Krappere arbeidsmarkt
Kortom, van werken worden we in de regel niet slechter. Waarom zouden we dat een deel van onze samenleving onthouden, juist op een moment dat de arbeidsmarkt door de toenemende vergrijzing steeds krapper wordt? Als we een mens naar de maan kunnen sturen -en zelfs weer heelhuids kunnen laten terugkeren-, is onze ”betrokken en participerende samenleving” dan niet in staat dit aan te pakken? Maar hoe?
Mijn antwoord is: Door klein te beginnen. Werkgevers kunnen een aantal mensen met een beperking helpen aan een stage- of werkervaringsplaats. Voor inhoudelijke expertise zijn er genoeg contacten te leggen met onderwijs en hulpverlening.
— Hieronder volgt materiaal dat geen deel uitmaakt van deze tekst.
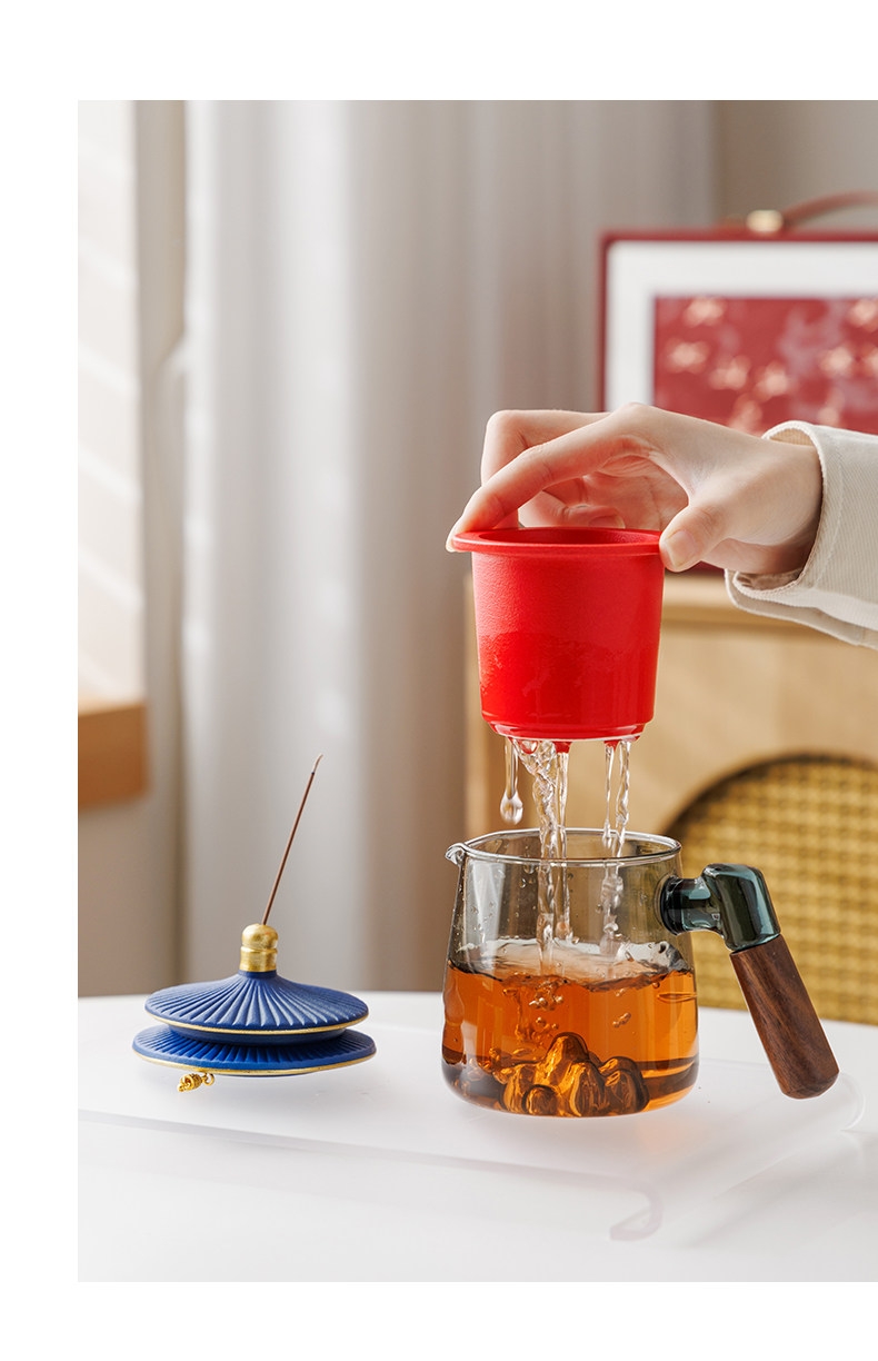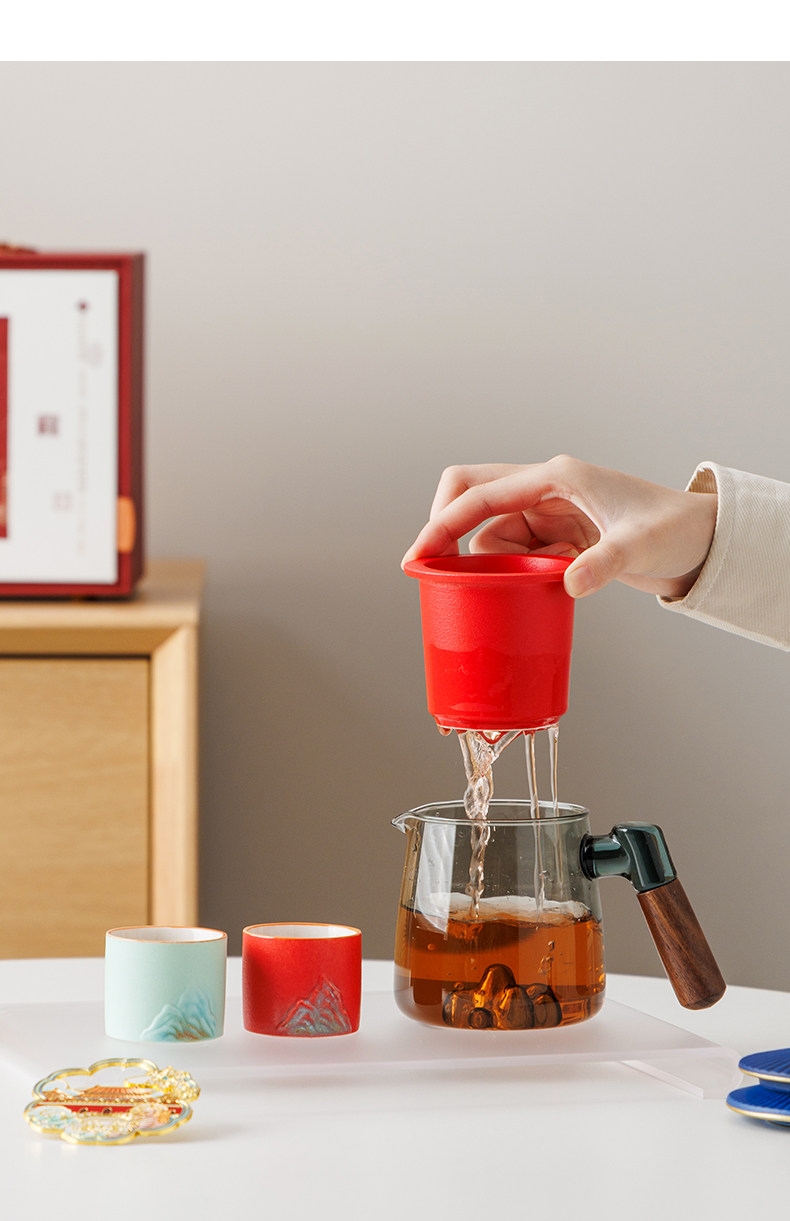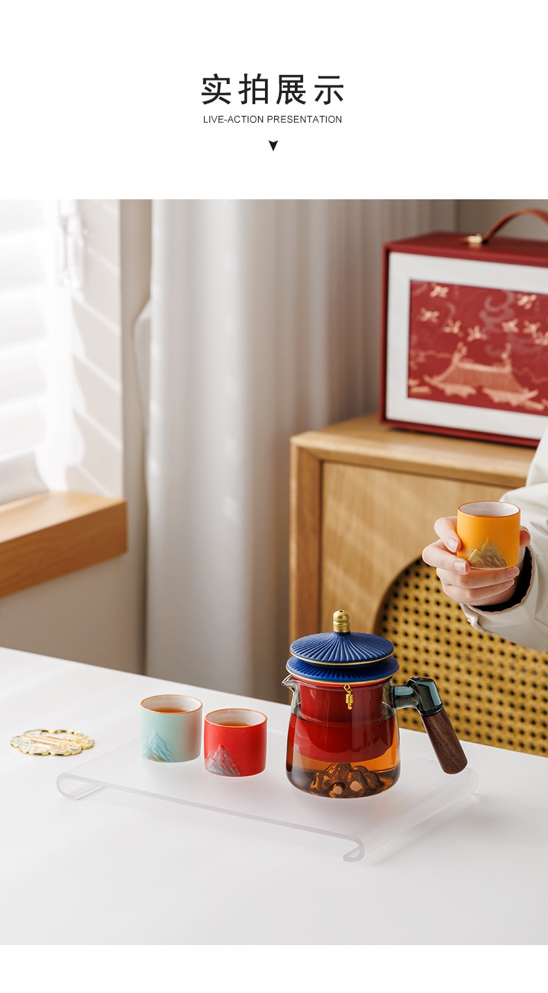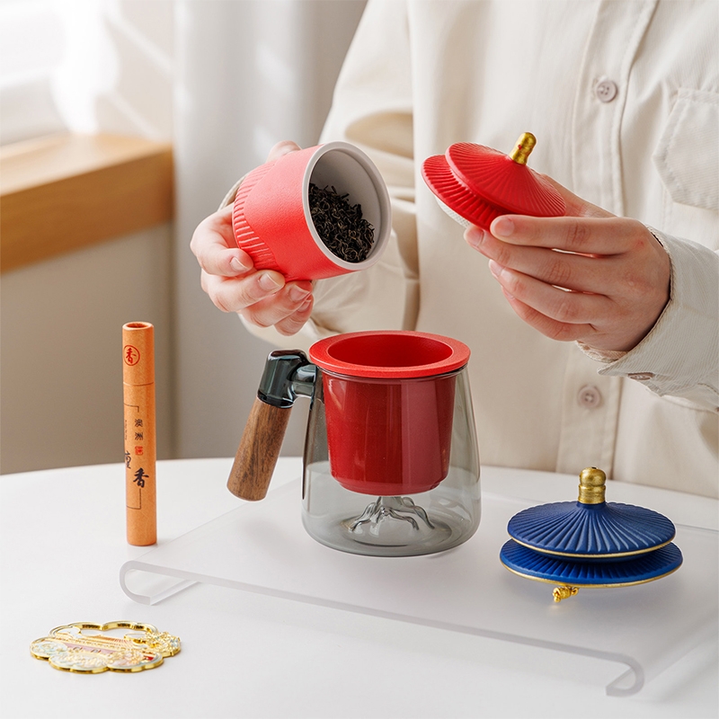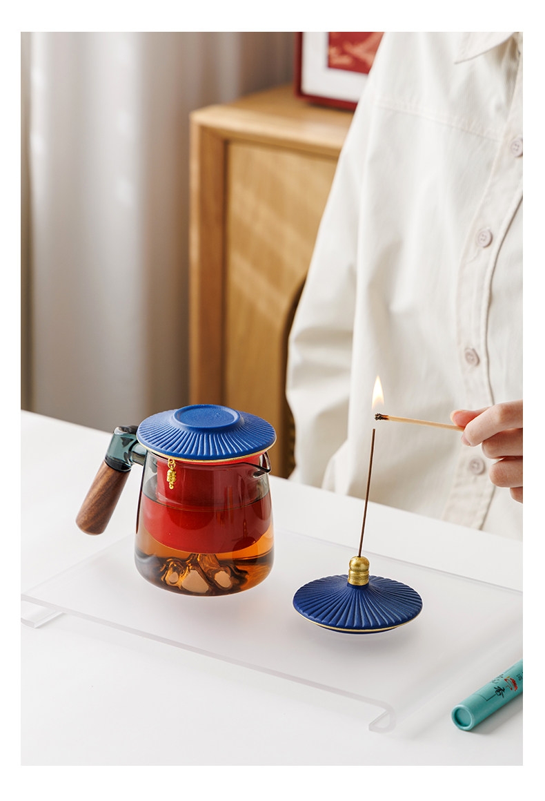 套装融入故宫经典元素,如祥云、飞鸟等传统纹饰;配套礼盒设计精美红色为主色调,彰显高端大气;附赠冰箱贴和线香,冰箱贴具有故宫特色,可作装饰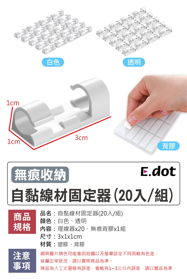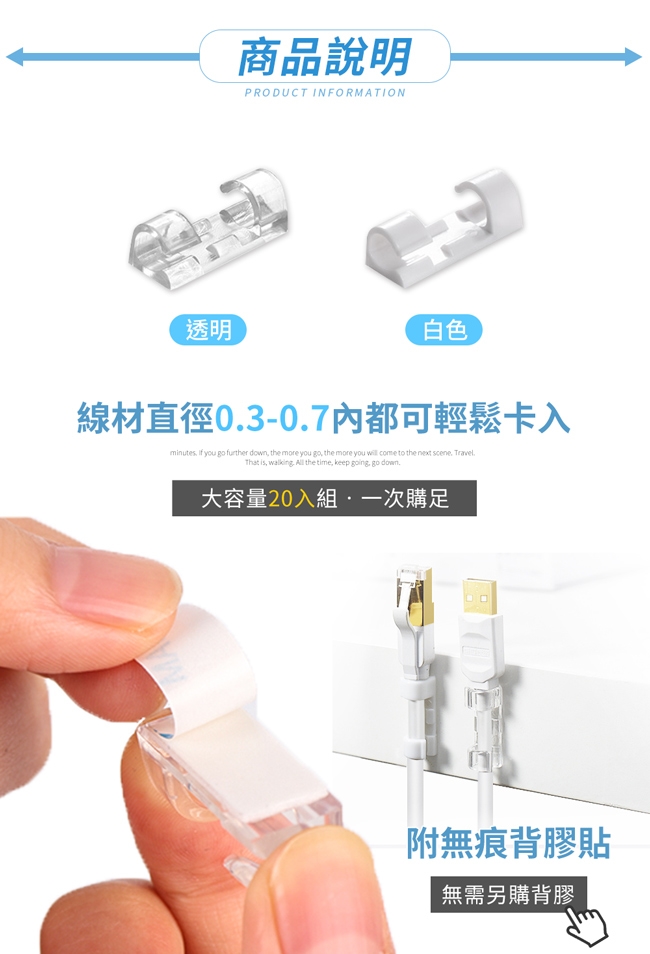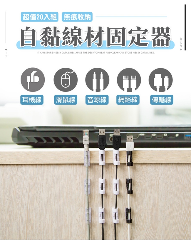 ◆ 商品名稱:自黏線材固定器(20入/組)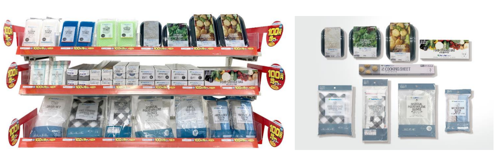 新たに発売されるのは、クッキングシート(30cm×3m)、食品保存容器3アイテム(400ml2個入り/270ml2個入り/180ml3個入り)、自立型水切りゴミ袋(15枚入り)、どこでもペタッとゴミ袋(18枚入り)、食品保存用袋(100枚入り)、ポリエチレン手袋(100枚入り)、マイクロファイバークロス(20cm×30cm)。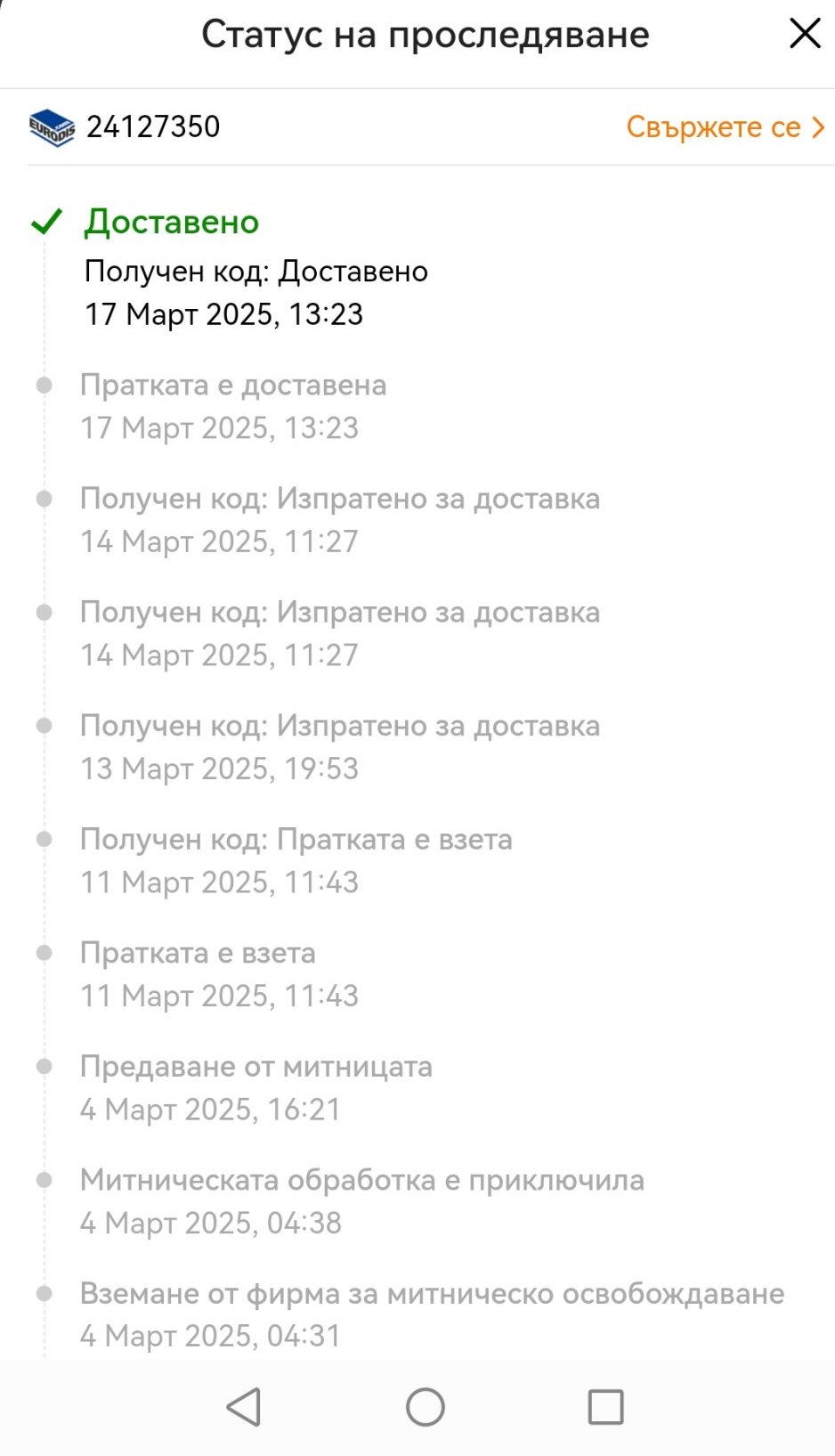 Когато излезе от централен офис. В parcelapp това се вижда.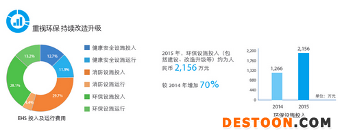 在EHS方面,重視環(huán)保,持續(xù)升級(jí)改造,2015年環(huán)保設(shè)施投入2156萬(wàn)元,較2014 年增加70%;更有效利用水資源,總循環(huán)用水量為2014年的6.38 倍;職業(yè)健康安全硬件投入與運(yùn)營(yíng)總費(fèi)用4505萬(wàn)元,是2014年的2倍,同時(shí)EHS培訓(xùn)總時(shí)長(zhǎng)超過7萬(wàn)小時(shí)。
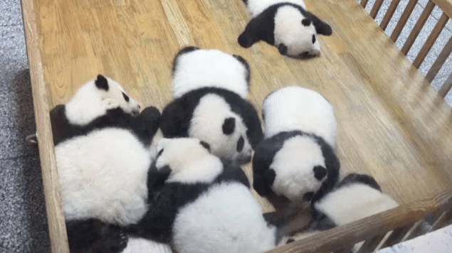 Những chú gấu trúc con khổng lồ chờ "nhận nhiệm vụ" nước ngoài tại Cơ sở Nghiên cứu Gây giống Gấu trúc Khổng lồ Thành Đô, tỉnh Tứ Xuyên, vào ngày 13/11/2015. (Ảnh : Katsuji Nakazawa)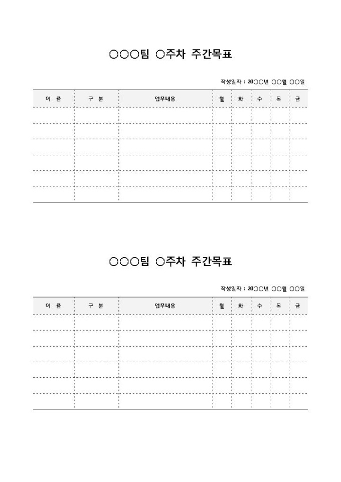 9,000원/월팀 주간목표입니다. 팀별 주간목표 및 업무내용을 작성하는 표 형태의 서식으로 이름, 구분, 업무내용, 요일별로 구분되어 있습니다.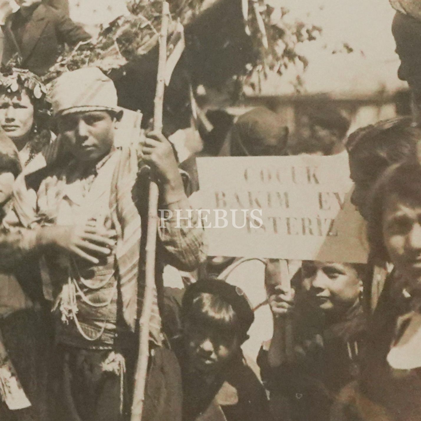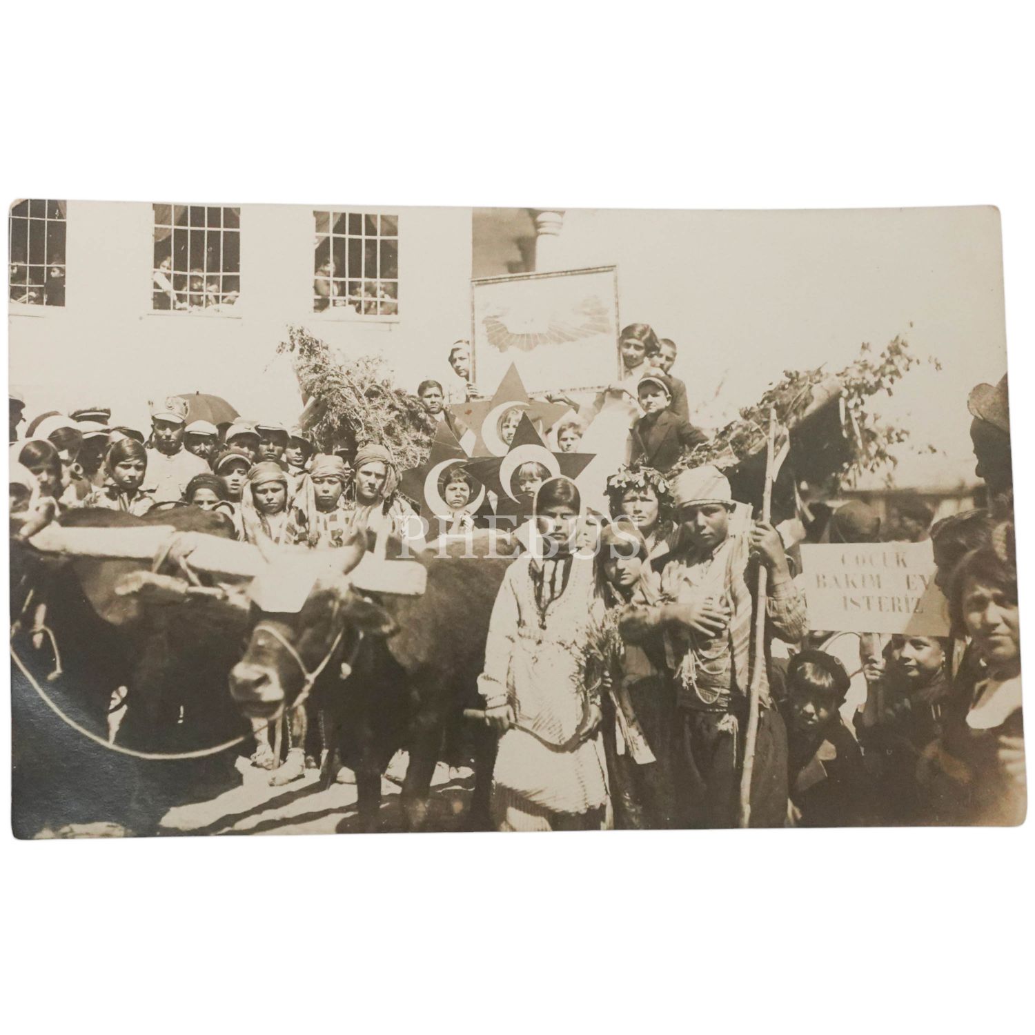 23 Nisan töreni için kimi yöresel kıyafetler giymiş, kimiyse özel olarak hazırlanmış ay-yıldız formundaki kukuletaları başına geçirmiş minik öğrenciler... İçlerinden birinin elinde "Çocuk Bakım(ı) / Ev İsteriz" yazılı bir pankart görülmektedir, 14x9 cm...

Er is nog een groot terrein te winnen is op het gebied van de acceptatie. Nog steeds is de stap voor een werkgever om een medemens met een functiebeperking in diens te nemen erg groot. Terwijl zij die ervaring hiermee hebben meestal gemotiveerde en ijverige werknemers in dienst hebben die ook nog veel vreugde in een bedrijf kunnen brengen.
In een land met zo’n 1,5 miljoen inwoners met een functiebeperking verdient dit onderwerp de nodige aandacht.